# Gold Bar 1.72 Troy Ounces



## kadriver (Jan 30, 2012)

I did manage to get a gold bar produced this weekend - between working with the platinum.

I locked the price on Friday, this will be in the mail on Monday morning to the refiner.

A couple of specks of flux (borax) sulfuric acid will remove these.

Thanks for looking - kadriver


----------



## niteliteone (Jan 30, 2012)

Very Nice  

After you finish your other projects, Think you can do a short tutorial and video on how you make those beautiful bars.

Mine are nowhere near your quality no matter what I try.

Thanks and keep up the great work 8) 
Tom C.


----------



## kuma (Jan 30, 2012)

Hi all , how are tricks today?
I hope all is well!
Kadriver , once again very nice work chief , thats another beautiful looking bar!  
All the best with it and kind regards ,
Chris :mrgreen:


----------



## kadriver (Jan 31, 2012)

I can and I will make a video when I get the time.

Notice this bar has some slight contamination on the left hand side.

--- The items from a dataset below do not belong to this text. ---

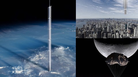 The innovative idea that the design firm Clouds Architecture Office calls the “Universal Orbital Support System,” is to place a large asteroid into orbit right above earth, at the height of about 50,000 km (31,068 miles). That would be way higher than the International Space Station which is at only 249 miles above. A strong cable would be lowered from the asteroid. And from that cable a very tall tower tower would be suspended.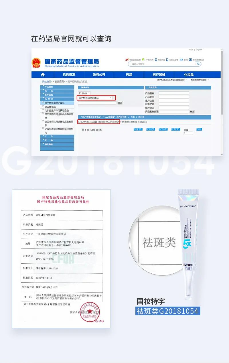 作为美白淡斑界的“三好学生”,这款精华霜拥有国家药监局颁发的“美白淡斑特证”,在药监局官网就可以查到哦~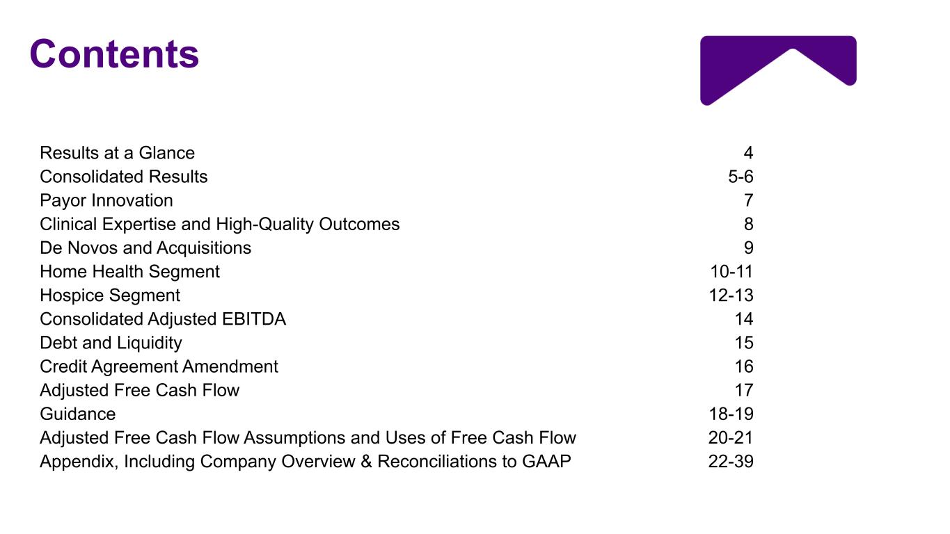 Contents Results at a Glance 4 Consolidated Results 5-6 Payor Innovation 7 Clinical Expertise and High-Quality Outcomes 8 De Novos and Acquisitions 9 Home Health Segment 10-11 Hospice Segment 12-13 Consolidated Adjusted EBITDA 14 Debt and Liquidity 15 Credit Agreement Amendment 16 Adjusted Free Cash Flow 17 Guidance 18-19 Adjusted Free Cash Flow Assumptions and Uses of Free Cash Flow 20-21 Appendix, Including Company Overview & Reconciliations to GAAP 22-39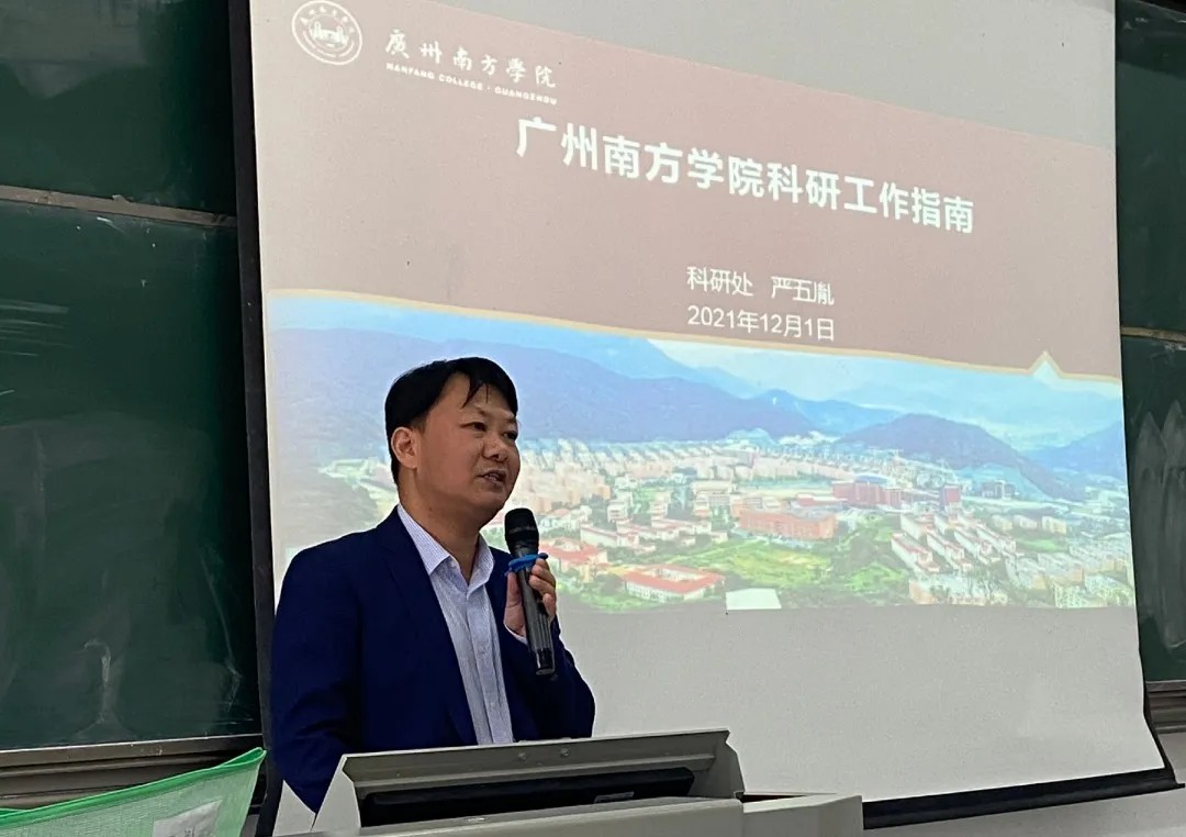 科研处处长严五胤介绍了申搏科研平台及项目申报细则,他指出学校已搭建国家级、省部级、市厅级等众多科研申报平台,青年教师应尽快找到科研方向,珍惜每一次申报机会,多尝试多申报。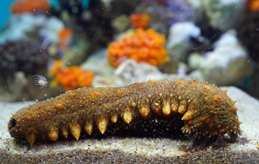 棘皮 動物ナマコ類の総称で日本近海には200種で食用は30種程。分布 本邦では北海道から沖縄に生息、日本海側に多い。 特徴 体は円筒形、背にいぼ状の突起、腹側に沢山の管足を持ちはい回る。真海鼠には赤(アカコ)、青(アオコ)、黒(クロコ)の3種類。※赤海鼠→外洋の岩礁域、身筋が軟らかく関西人好み。※青海鼠→内湾の砂泥底に棲み、身筋は固く、関東人好み。※黒海鼠→身筋が固い。旬は12月~2月。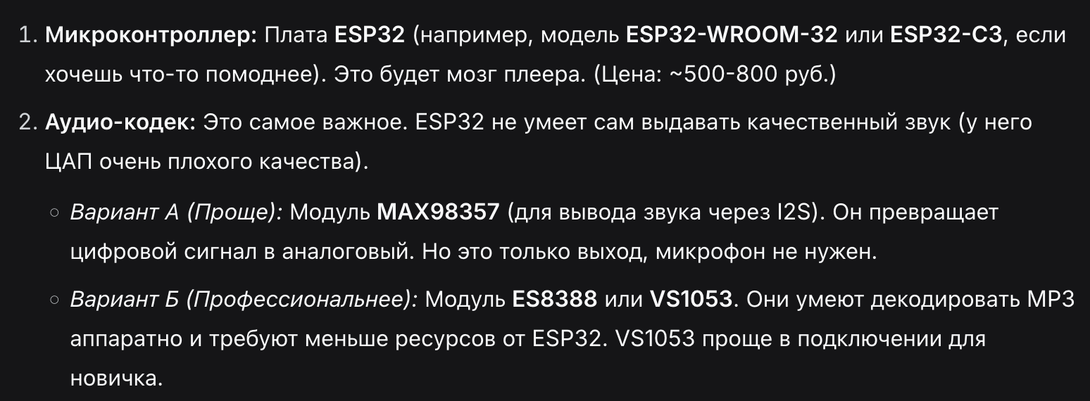 Аноны, хочу в качестве подарка сделать личный плеер человеку и заодно просто попробовать создать свое устройство с прошивкой и корпусом. Попросил дипсик предложить железо для всего этого и вот что он предложил. Как оцениваете?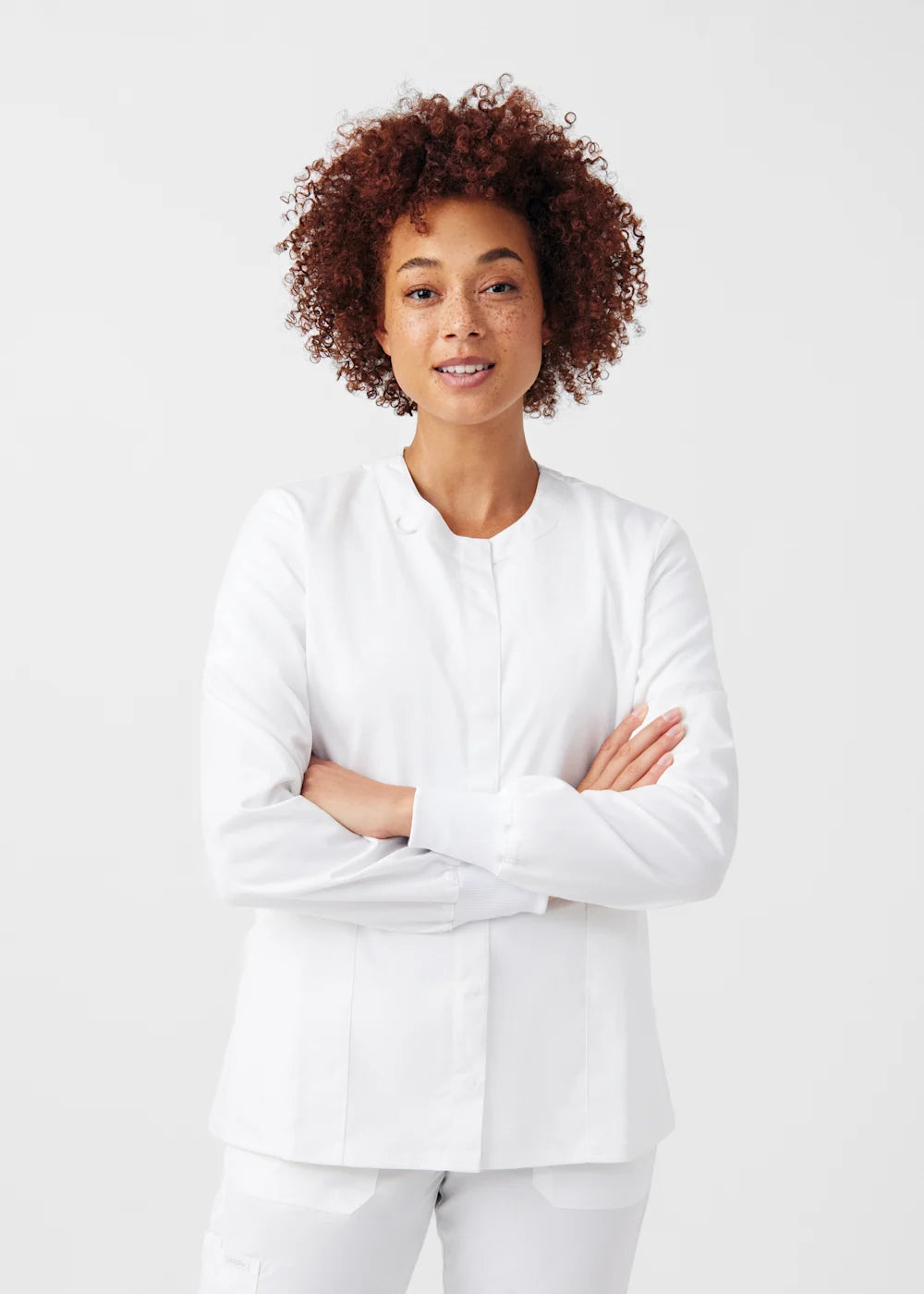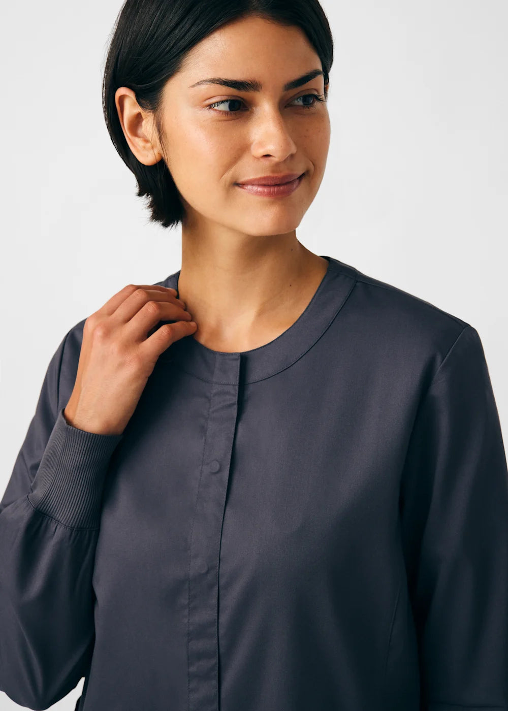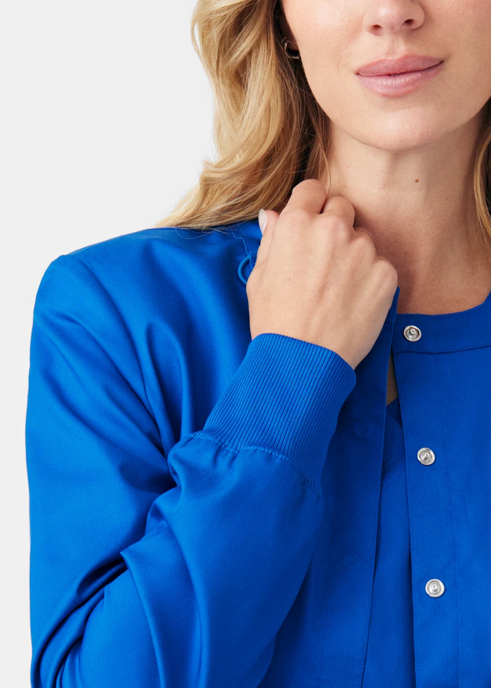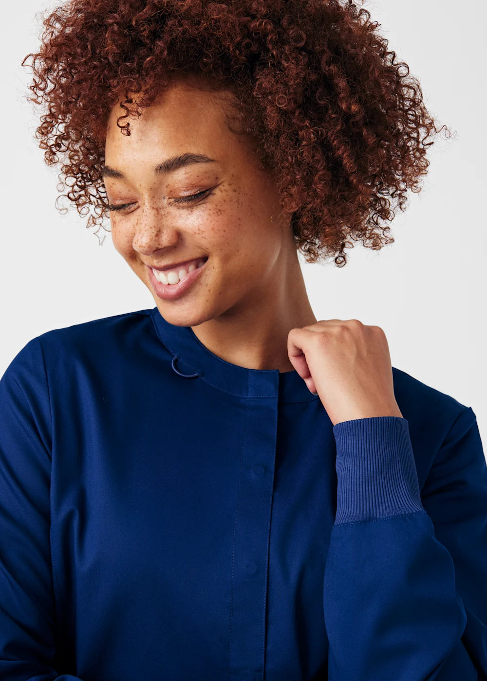 Stay warm and snug at work with our women's jacket. Its hidden snap front ensures a sleek look while keeping you warm. Complete with a round neck featuring a convenient loop for your badge loop, soft and cozy knit cuffs, and flattering princess seams for a feminine silhouette. This jacket boasts three front pockets, including two pen slots, and a hidden utility loop to keep your essentials organized and within reach.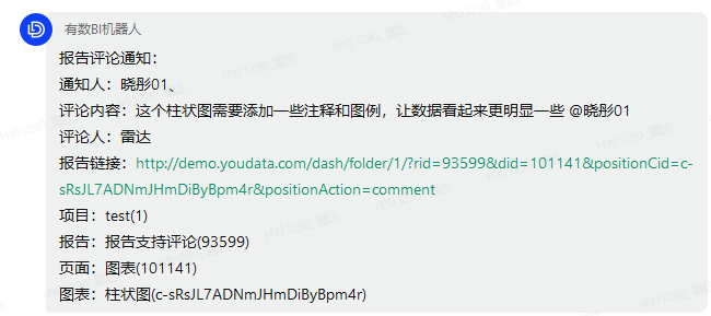 在用户创建的报告被评论、发表的评论被回复、他人回复时被@的场景下会收到Webhook的对应消息通知,包含评论内容、评论人、报告链接、评论图表所属信息等;通过通知中链接可以直接进入对应报告查看相关评论内容。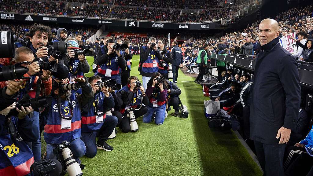 Zinedine Zidane, head coach of Real Madrid, prior to the La Liga match against Valencia CF at Estadio Mestalla in Valencia, Spain, April 3, 2019. /VCG Photo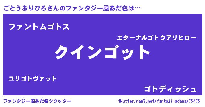 | 男性向けラノベタイトル風あだ名 | 『おまえをオタクにしてやるから、俺をごとうありひろにしてくれ! 』 |

It still had some impurities.

There was probably some other metals in solution with the gold and some left over nitric.

I did not evaporate to syrup to denoxx. Instead, to save time, I used urea to kill the nitric. As a result, there was probably still some nitric left in the solution.

Left over nitric acid will cause other metals to drop (when using SMB) with the gold in a nitric solution - according to lazersteve.

This is probably what happened and the cause of the contamination.

I have started using evaporation to denoxx. It does produce a superior result over using urea.

Since the gold bar was going to the refiner today, I was not overly concerned about getting it ultra pure - the refiner only gives me 99% on the purity regardless.

kadriver


----------



## niteliteone (Jan 31, 2012)

kadriver said:


> I did not evaporate to syrup to denoxx. Instead, to save time, I used urea to kill the nitric. As a result, there was probably still some nitric left in the solution.
> 
> Left over nitric acid will cause other metals to drop (when using SMB) with the gold in a nitric solution - according to lazersteve.
> 
> kadriver



I did not know this. 
Thanks for the heads up. You too lazersteve.

Tom C.


----------